While Arianna's tumor did not magically disappear as a result of prayer, the experience made us true believers in the power of "little prayers." We don't believe that people's prayers "persuaded" God to act on Arianna's behalf. Rather, those who cared about Arianna were persuaded to pray for her, and by praying persistently for her, they directed energies her way that God had been "persuaded" to make available to Creation since the very beginning.
While it is possible that those energies played a role in the success of Arianna's surgeries, and in keeping the tumor that remained dormant for the next seven years, what we are most certain of is that people's prayers got us through a terrifying and excruciatingly draining situation by upholding us when we could not hold ourselves up any longer. And they filled us with a very real and tangible sense that we weren't alone on our journey, but were being helped powerfully by those around us and by God.
I wrote about Arianna's tumor in my book, Gifts of the Dark Wood: Seven Blessings for Soulful Skeptics (and Other Wanderers). Then, just weeks before its publication last September, Arianna received the news that the tumor that remained in her brain had begun to grow again. Thus, in mid-February our family will journey to the Cleveland Clinic, where Arianna will undergo laser ablation therapy in an effort to remove the majority of the tumor that has grown back.

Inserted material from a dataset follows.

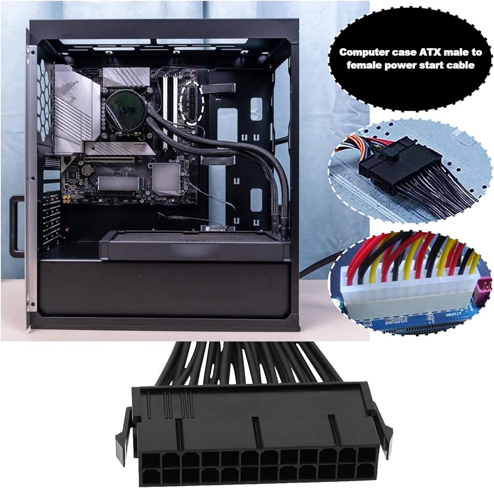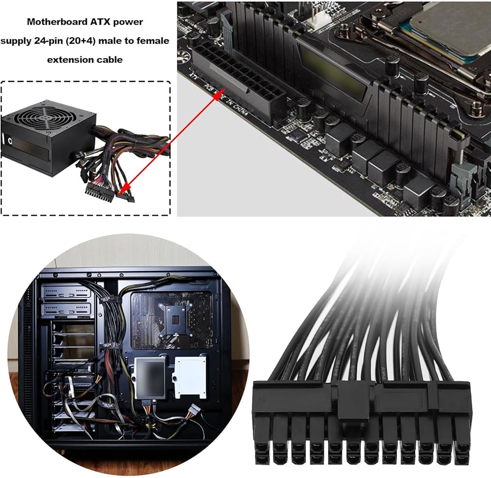 ما عليك سوى توصيل موصل كابل الطاقة الرئيسي المكون من 24 سنًا بالقابس الأنثى الموجود على وحدة تزويد الطاقة لديك، ثم توصيل الطرف الآخر باللوحة الأم، والتوصيل والتشغيل.

Once again, we expect that thousands will be offering prayers on her behalf. If you are one of these, we thank you in advance for your kindness. Whether you pray for Arianna in the coming weeks, or direct your prayers to someone else who could use your support, my next post will offer some guidelines for intercessory prayer. I do not claim to know exactly how prayer works, but I will offer some suggestions based on my best understanding and experience, and on the assumption that prayer moves energy very subtly, at a quantum level, entangling us with one another and with God.